Statement |
1.Name and nature of the underlying assets (if preferred shares,
the terms and conditions of issuance shall also be indicated,
e.g., dividend yield, etc.):CYJ INTERNATIONAL TAIWAN INC. stock
2.Date of occurrence of the event:2023/11/07
3.Volume, unit price, and total monetary amount of the transaction:
Volume:9,792,000 shares
unit price:NT$13
total monetary amount:NT$127,296,000
4.Trading counterparty and its relationship to the Company
(if the trading counterparty is a natural person and
furthermore is not a related party of the Company, the name
of the trading counterparty is not required to be disclosed):
Trading counterparty 1:DYNAMIC MEDICAL TECHNOLOGIES INC.
relationship 1:parent company
Trading counterparty 2:Bestchain Healthtaiwan Co., Ltd.
relationship 2:The directors of the company are its directors
Trading counterparty 3:Xuan Hui Investment Co., Ltd.
relationship 3:The directors of the company are its chairman and directors
Trading counterparty 4:Excelsior Group Holdings Co., Ltd.
relationship 4:The directors of the company are its chairman and directors
5.Where the trading counterparty is a related party,
announcement shall also be made of the reason for choosing
the related party as trading counterparty and the
identity of the previous owner, its relationship with
the Company and the trading counterparty, and the previous
date and monetary value of transfer:
(1)According to investment intention
(2)In October 2019, EXCELSIOR BEAUTY CO.,LTD. participated in the cash
capital increase of CYJ INTERNATIONAL TAIWAN INC.
The investment cost is NT$97,920,000.
6.Where an owner of the underlying assets within the past
five years has been an related party of the Company, the
announcement shall also include the date and price of
acquisition and disposal by the related party, and its
relationship to the Company at the time of the transaction:NA
7.Matters related to the current disposal of creditors’

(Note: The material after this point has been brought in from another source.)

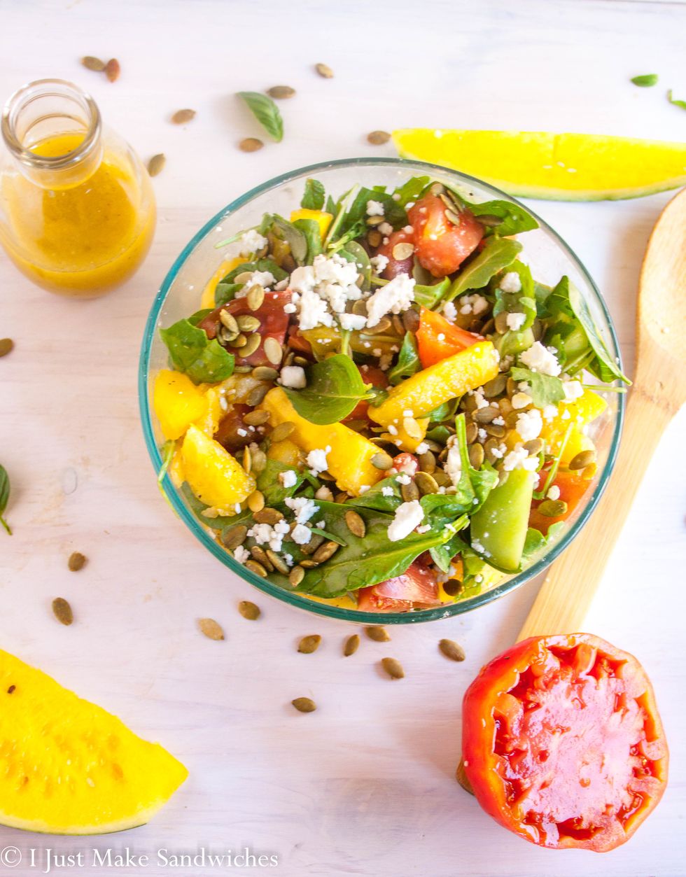 A summer salad of heirloom tomatoes, watermelon, toasted pepitas, feta and arugula. Perfect for enjoying warm summer days.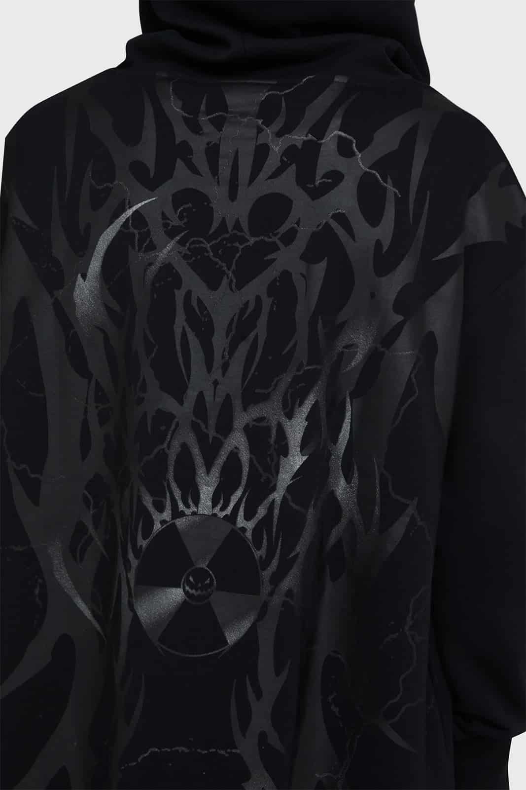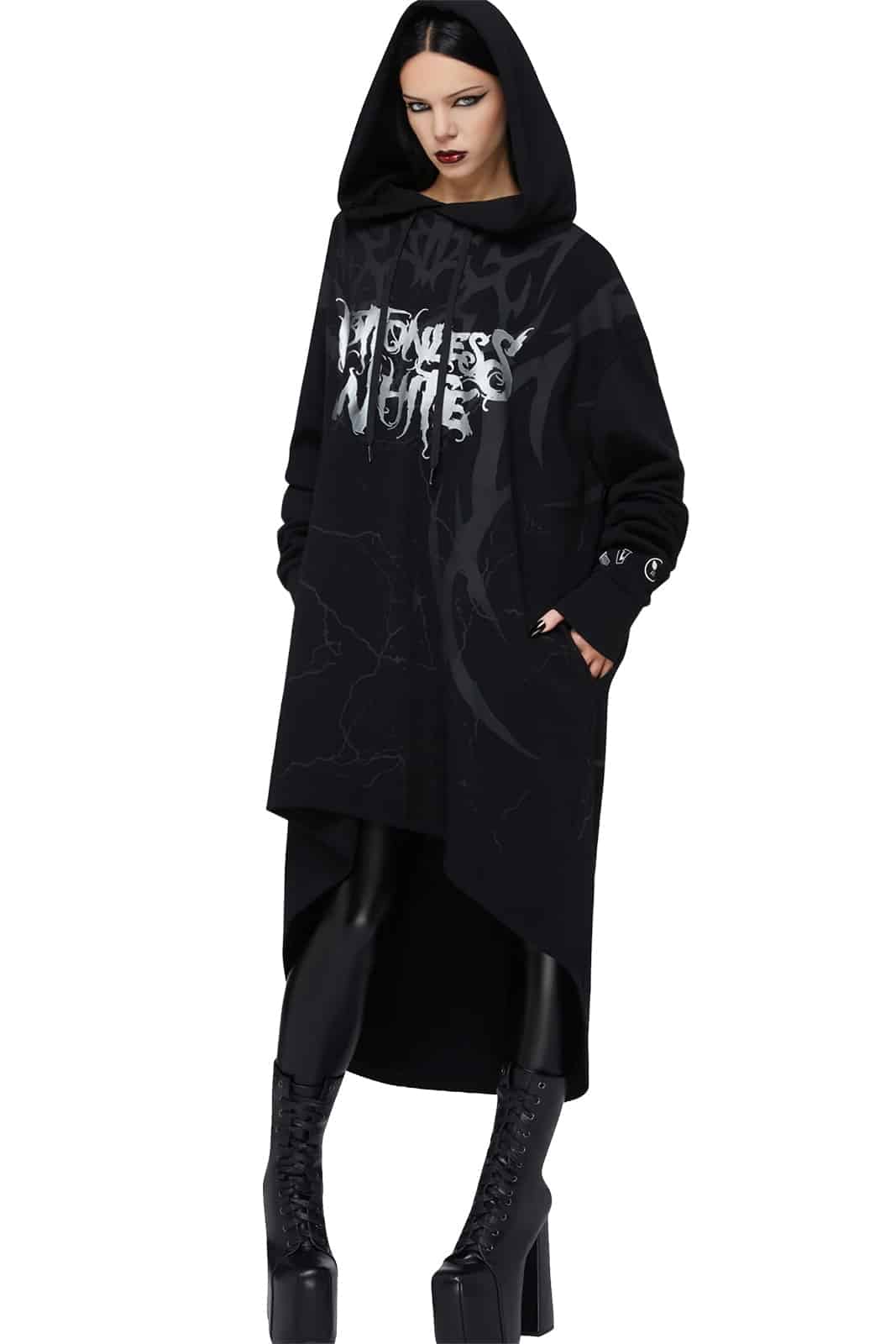 Dieser lange Hoodie im Cloak-Style aus der Motionless In White x KILLSTAR Kollaboration vereint düstere Eleganz mit maximalem Komfort. Der weiche, hochwertige Sweatstoff fällt locker und fließend, während der markante Front- und Backprint dem Design eine eindringliche Präsenz verleiht. Mit Kapuze, praktischen Seitentaschen und extra langer Silhouette ist dieses Piece ein echtes Statement zwischen Darkwear, Streetwear und moderner Ritual-Ästhetik.

rights (including types of collaterals of the disposed
creditor’s rights; if creditor’s rights over a related
party, announcement shall be made of the name of the
related party and the book amount of the creditor's
rights, currently being disposed of, over such related
party:NA
8.Profit or loss from the disposal (not applicable in
cases of acquisition of securities) (where originally
deferred, the status of recognition shall be listed and
explained):Profit from disposal NT$29,376,000
9.Terms of delivery or payment (including payment period
and monetary value), restrictive covenants in the contract,
and other important terms and conditions:
payment period:Annotation
monetary value:NT$127,296,000
10.The manner in which the current transaction was
decided, the reference basis for the decision on price,
and the decision-making unit:
The transaction price was entrusted to an external expert to conduct a
corporate evaluation report.And ask the accountant to issue an opinion
on the reasonableness of the transaction price
the decision-making unit:The company Board of Directors and
Extraordinary Shareholders Meeting
11.Net worth per share of the Company’s underlying securities
acquired or disposed of:NT$9.27
12.Cumulative no.of shares held (including the current
transaction), their monetary value, shareholding percentage,
and status of any restriction of rights (e.g., pledges),
as of the present moment:
DYNAMIC MEDICAL TECHNOLOGIES INC. holds 7,344,008 shares,NT$90,633 thousand
,Shareholding ratio 60%
13.Ratio of securities investment (including the current
transaction) to the total assets and shareholder’s equity
of the parent company on the latest financial statements,
and the operating capital on the latest financial statements,
as of the present moment:
(1)0.10%,(2)0.19%,(3)NT$821,122 thousand
14.Broker and broker’s fee:NA
15.Concrete purpose or use of the acquisition or disposal:
EXCELSIOR BEAUTY CO.,LTD. after evaluating the feasibility of future
operational expansion and financial status,plan to dispose of CYJ
INTERNATIONAL TAIWAN INC. to focus on its main business and improve financial
efficiency.
16.Whether the directors expressed any objection to the current
transaction:NA
17.Whether the counterparty of the current transaction
is a related party:Yes
18.Date of the Board of Directors’ resolution:2023/11/07
19.Date of ratification by supervisors or approval by
the Audit Committee:2023/11/07
20.Whether the CPA issued an opinion on the unreasonableness
regarding the current transaction:Yes
21.Name of the CPA firm:Sun Rise United CPA Firm
22.Name of the CPA:Chen Liwen CPA
23.License no.of the CPA:No. 4729
24.Any other matters that need to be specified:
DYNAMIC MEDICAL TECHNOLOGIES INC., the transaction object in this case,
is a related party. In order to take into account the rights and interests
of other shareholders of EXCELSIOR BEAUTY CO.,LTD.,EXCELSIOR BEAUTY CO.,LTD.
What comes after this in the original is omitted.